01a42773_r
07-14-2004
Theodore W. Makse, Complainant, v. Anthony J. Principi, Secretary, Department of Veterans Affairs, Agency.
Theodore W. Makse v. Department of Veterans Affairs
01A42773
July 14, 2004
.
Theodore W. Makse,
Complainant,
v.
Anthony J. Principi,
Secretary,
Department of Veterans Affairs,
Agency.
Appeal No. 01A42773
Agency No. 200J-0541-2003100899
DECISION
Complainant filed this appeal from the March 1, 2004 agency decision
finding no discrimination.
Complainant alleged that he was discriminated against on the bases of
disability (back) when on or around November 25, 2002: (1) complainant
was informed that he was not selected for the position of Maintenance
Operations General Foreman, MPA 02-117; and (2) complainant was informed
that he was not selected for the position of Utilities Systems Repairer
Operator Supervisor, MPA 03-018.
At the conclusion of the investigation, complainant was informed of
his right to request a hearing before an EEOC Administrative Judge but
complainant requested that the agency issue a decision.

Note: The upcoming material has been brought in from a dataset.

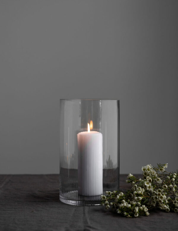 RAMSJÖ stor klarglas randig vas/ljuslykta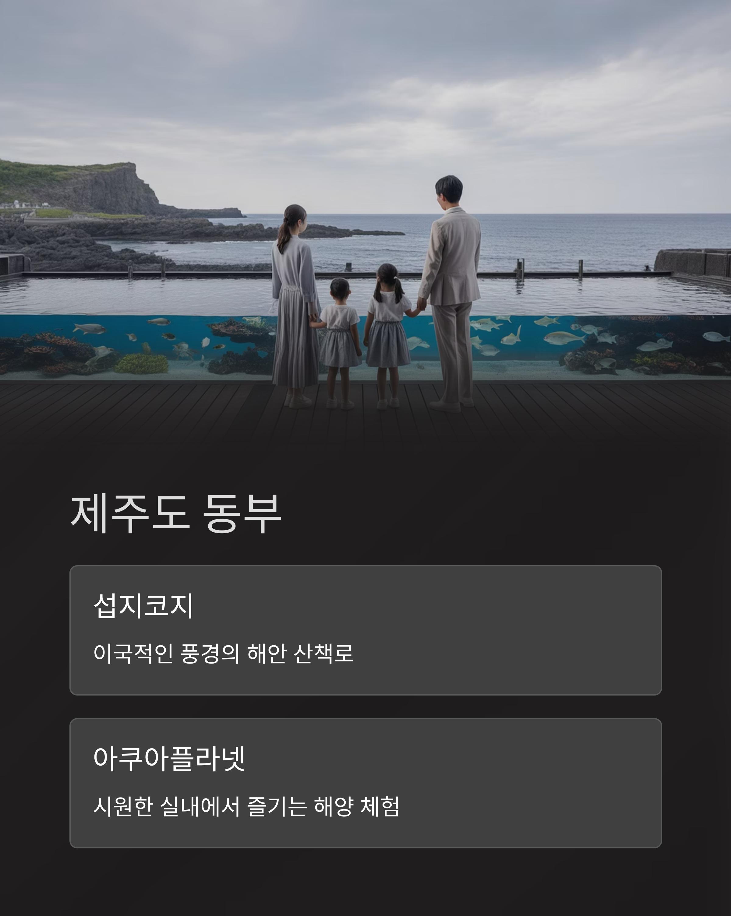 섭지코지의 이국적인 풍경과 아쿠아플라넷의 시원한 해양 체험으로

In its decision, the agency concluded that complainant failed to establish
a prima facie case of disability discrimination. The agency further
concluded that even if complainant established a prima facie case,
complainant failed to show that the agency's reason for making the
selection was pretextual.
The record discloses that complainant injured his back while working as
a Utilities Systems Repairer Operator in 1981 when he fell off a ladder.
Complainant continued to work until 1984. He was determined to be totally
disabled by the Office of Workers' Compensation Programs (OWCP) in 1985.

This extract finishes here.